| TASK GOAL |
Your task is to copy the listing exactly. Drop any pictures from the copy.

| DATA PROVIDED |
--- START ---
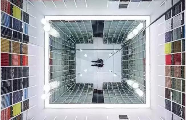 鐘書閣仿歐式殿堂的正門毫不突兀地融入街景,高高矗立的飛檐與“鐘書閣”中文銘牌又使它氣勢(shì)十足地顯出自身的存在,兩側(cè)的玻璃幕墻上鐫繪著來自世界各國(guó)書本里的精選段落。二層的空間呈“回”字形分布,回字形的中心是二層的設(shè)計(jì)主題“天堂閱讀”的體現(xiàn)之處,空間正中的立柱鑲嵌著鏡子。鐘書閣二期的中央閱讀博物館里,你會(huì)看見許多倒置的臺(tái)燈懸在如宮殿般的拱形書籍空間中,正如我們?nèi)绨V如醉般沉浸在閱讀中一樣,忘了何處,忘了時(shí)間。
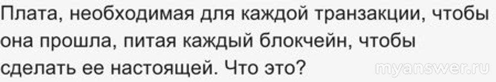 Плата, необходимая для каждой транзакции, чтобы она прошла, питая каждый блокчейн, чтобы сделать ее настоящей. Что это?
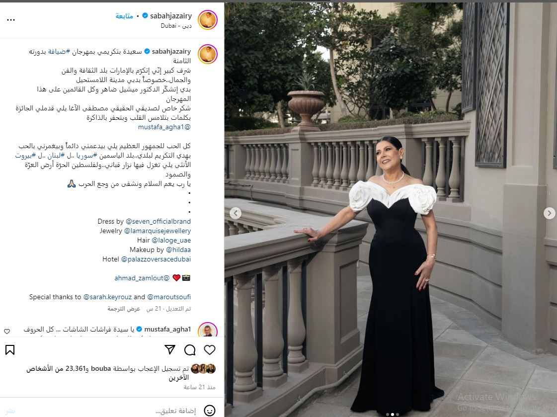 وعلقت على صور إطلالتها التي شاركت متابعيها بها عبر حسابها الشخصي بموقع الإنستجرام، قائلة: "سعيدة بتكريمي بمهرجان ضيافة بدورته الثامنة، شرف كبير إنّي إتكرّم بالإمارات بلد الثقافة والفن والجمال،خصوصا بدبي مدينة اللامستحيل".
--- END ---
| EXERCISE ANSWER |
 鐘書閣仿歐式殿堂的正門毫不突兀地融入街景,高高矗立的飛檐與“鐘書閣”中文銘牌又使它氣勢(shì)十足地顯出自身的存在,兩側(cè)的玻璃幕墻上鐫繪著來自世界各國(guó)書本里的精選段落。二層的空間呈“回”字形分布,回字形的中心是二層的設(shè)計(jì)主題“天堂閱讀”的體現(xiàn)之處,空間正中的立柱鑲嵌著鏡子。鐘書閣二期的中央閱讀博物館里,你會(huì)看見許多倒置的臺(tái)燈懸在如宮殿般的拱形書籍空間中,正如我們?nèi)绨V如醉般沉浸在閱讀中一樣,忘了何處,忘了時(shí)間。
 Плата, необходимая для каждой транзакции, чтобы она прошла, питая каждый блокчейн, чтобы сделать ее настоящей. Что это?
 وعلقت على صور إطلالتها التي شاركت متابعيها بها عبر حسابها الشخصي بموقع الإنستجرام، قائلة: "سعيدة بتكريمي بمهرجان ضيافة بدورته الثامنة، شرف كبير إنّي إتكرّم بالإمارات بلد الثقافة والفن والجمال،خصوصا بدبي مدينة اللامستحيل".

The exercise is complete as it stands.